Rearranging Deck Chairs at AHA?
In early January, hundreds of historians gathered on a Friday evening in the grand ballroom of the downtown Philadelphia Marriott, quiet but restless. The occasion was James H. Sweet’s presidential address at the 136th annual meeting of the American Historical Association. Sweet’s talk, a history of one Liverpool family’s corporate conspiracy to obscure the violent origins of its wealth in the African slave trade, ended with reflections on the “presentism” debate he kicked into high gear in 2022. “Is History History?” his essay in Perspectives on History had asked. Surveying the bedraggled crowd and the brown water stains on the ceiling panels above Sweet’s podium, I suspected the answer was a clear yes — and for reasons that have little to do with debates about politics and social justice within the profession.
If professional history is history, it isn’t due to academic politics — it’s because of the sharp contraction and possible collapse of the job market. Of the 1,799 historians who earned their Ph.D. in 2019 and 2020, the AHA could definitively locate only 175 now employed in full-time faculty positions in the field. “Though this data offers a lower bound,” their report noted, “there are few compelling reasons to think that more than 15 percent of history Ph.D.s secured TT jobs immediately following graduation during these two years.” The historian Jon K. Lauck recently reported on grim developments in the field in the Midwest:
The University of Iowa’s full time history faculty has declined from 26 to 16 in about ten years. University of Missouri: 30 down to 21 (over the past decade); University of Kansas: 35 down to 24 (since 2017); The Ohio State University (system): 79 down to 62 (since 2008); University of Minnesota: 46 down to 40 (in ten years); University of Illinois Urbana-Champaign: 46 down to 36 (since 2012); University of Illinois Chicago: 32 down to 20 (from 2005–2020).
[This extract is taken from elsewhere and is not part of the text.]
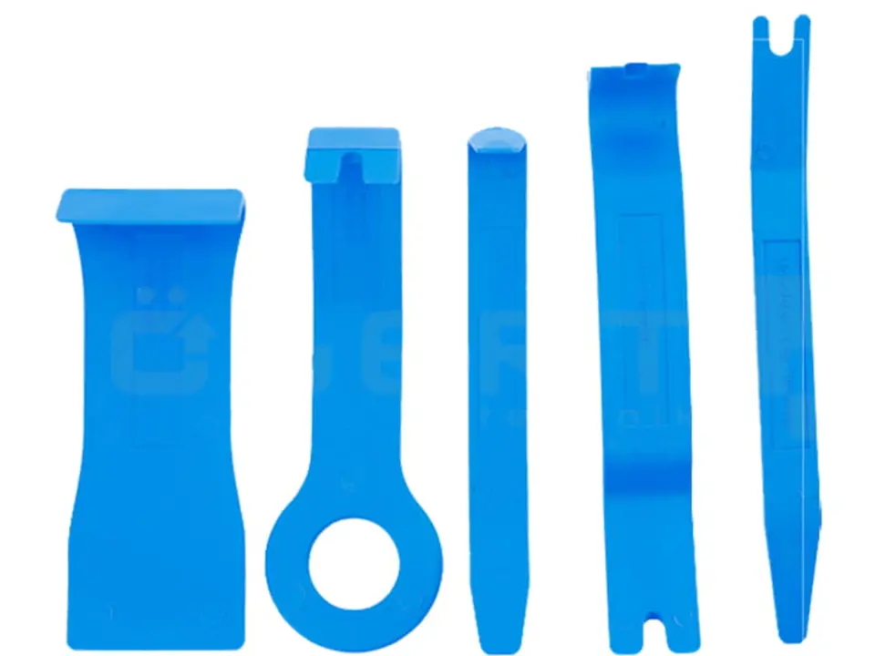 Specjalistyczne dźwignie do demontażu elementów tapicerki, spinek i listew samochodowych. Wykonane z utwardzanego nylonu. W zestawie 5 narzędzi.

As the Princeton history professor David A. Bell related in these pages, “Of my 10 Ph.D. students who defended their dissertations before 2016, all but one got a tenure-track job. … Of the eight who have defended since then, only one has so far gotten a tenure-track job.” Students are vanishing from the field, too — as best as the AHA can tell, undergraduate enrollments are on a “slow and steady decline.” Fifty years from now, Sweet’s keynote may be remembered as a morbid symptom of a profession in terminal decline. The ballroom and the profession it hosted had both seen better times.
As a Ph.D. candidate in history attending AHA for the first time, I was struck by the lack of attention to the void into which the profession is falling. The leadership’s strategy for how to respond to the peril seems to be to ignore it and hope it resolves itself. Tenured and tenure-track professors appear to understand the predicament of the newly minted Ph.D., but pathologically avoid addressing it.
The hundreds of papers, panels, and roundtables at the AHA conference span the range of human experience historians study. They touch on the role of rumor in the Spanish empire, the Reagan administration’s response to the AIDS crisis, and the role of the occult in British colonial India. The job crisis received scant attention. Johann N. Neem chaired a panel on “Labor and Compensation in the Historical Profession.” There was a roundtable on “Unions in Higher Education — Historical and Contemporary Realities.” There were also sessions on “Curricular Change and Career Diversity” and “How to Identify and Leverage the Transferable Skills of a History Ph.D.,” and, to be fair, an “Open Forum” on careers invited questions and concerns from graduate students. Still, no broad vision from the profession’s leaders emerged.